OVL has decided to seek a third extension of exploration licence for Block 128 to maintain India's strategic interest in the South China Sea, a top official said.

The block lies in the part of South China Sea over which China claims sovereignty. In 2011, Beijing had warned OVL that its exploration activities off the Vietnam coast were illegal and violated China's sovereignty, but the company continued exploring for oil and gas.

"OVL has not found any hydrocarbons in the block but will continue operations in line with India's strategic and diplomatic interest in the region," he said. The extended exploration licence for Block 128 is due expire this month and the company is seeking an extension.

OVL reckons that if it was to exit the block, it would have to pay $15-20 million penalty for not drilling a committed exploration well. By continuing with the block, it is not just saving on the penalty but also helping New Delhi maintain its strategic interest in the region, he said.

The renewal is being seen as India's attempt to assert its presence in the region. OVL forayed into Vietnam as early as 1988, when it bagged the exploration licence for Block 06.1.

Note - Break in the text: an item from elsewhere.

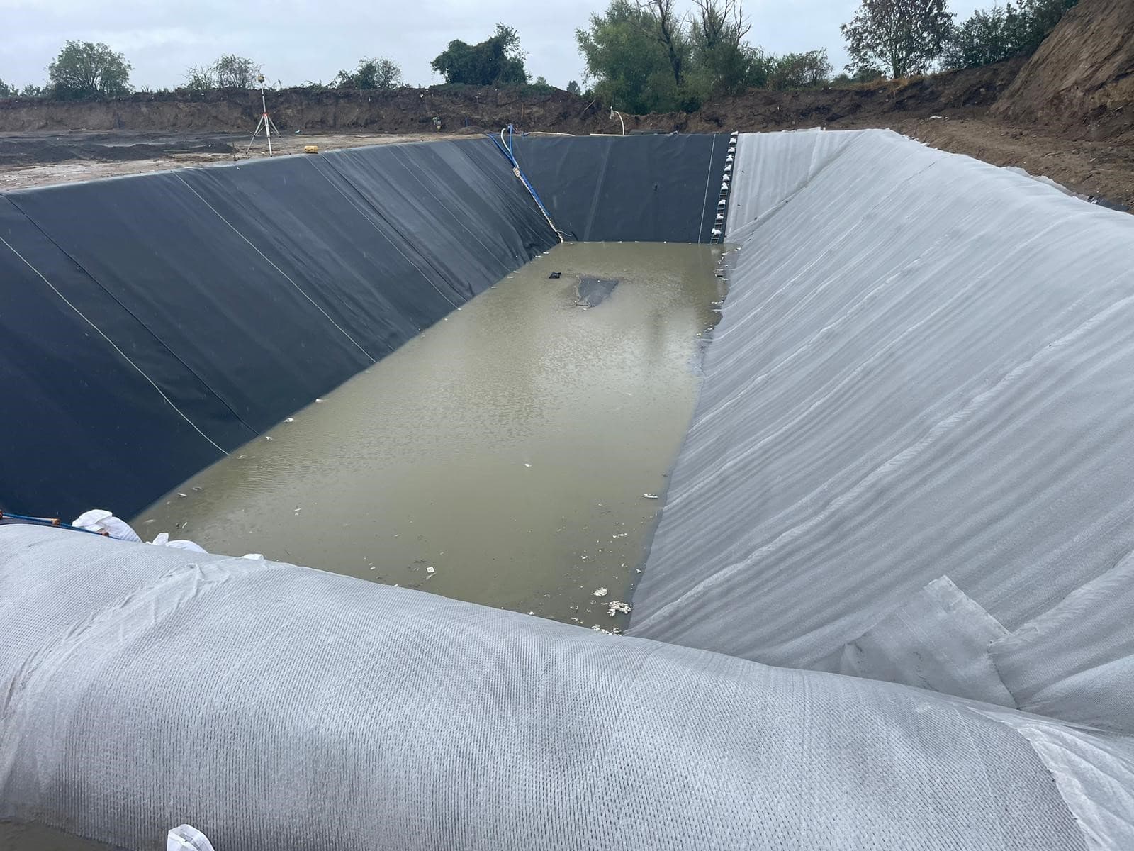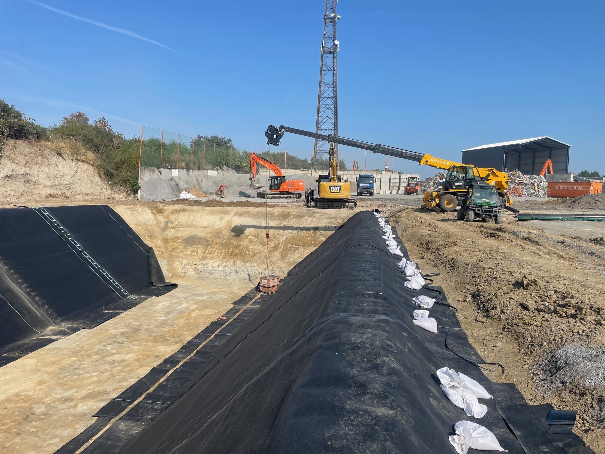 Solmax Germany provided a DIBt-certified double-lining system designed to ensure environmental protection and compliance. The solution comprised two layers of GSE® HD 2.0mm FrictionFlex DRS geomembrane, a structured high-density polyethylene liner offering exceptional chemical resistance and mechanical strength. With a total surface area of 3,000 m², this dual-layer configuration forms the primary containment barrier. Enclosed between the two geomembrane layers is the FABRINET® BP 50 1212 drainage layer, covering 1,500 m², which functions as a control and leak detection zone. This intermediate layer allows for continuous monitoring and facilitates the controlled collection of any seepage through a 90 mm drainage pipe (5.4 mm wall thickness), as shown in the site installation photos.

The company got two exploration blocks - Block 127 and Block 128, in 2006. However, Block 127 was relinquished after completing the work programme, but the other Block 128 continued to be retained.

It first took a two year extension of the exploration period till June 2014 and then another one year. The official said the first extension followed China putting the area under Block 128 for global bidding.

OVL holds 100 per cent interest in Block 128 and has so far invested $46 million in the block.

The official said like in case of Block 127, OVL had wanted to exit the adjacent Block 128 because of poor prospectivity. But decided to stay put because of India's strategic interests in the region.

China claims sovereignty over most of the South China Sea where Block 127 and 128 are located and had warned the Indian arm from drilling in the region.

OVL continues to own 45 per cent in Vietnam's offshore block 6.1 and its share of production was 2.023 billion cubic metres of gas and 0.036 million tonnes of condensate.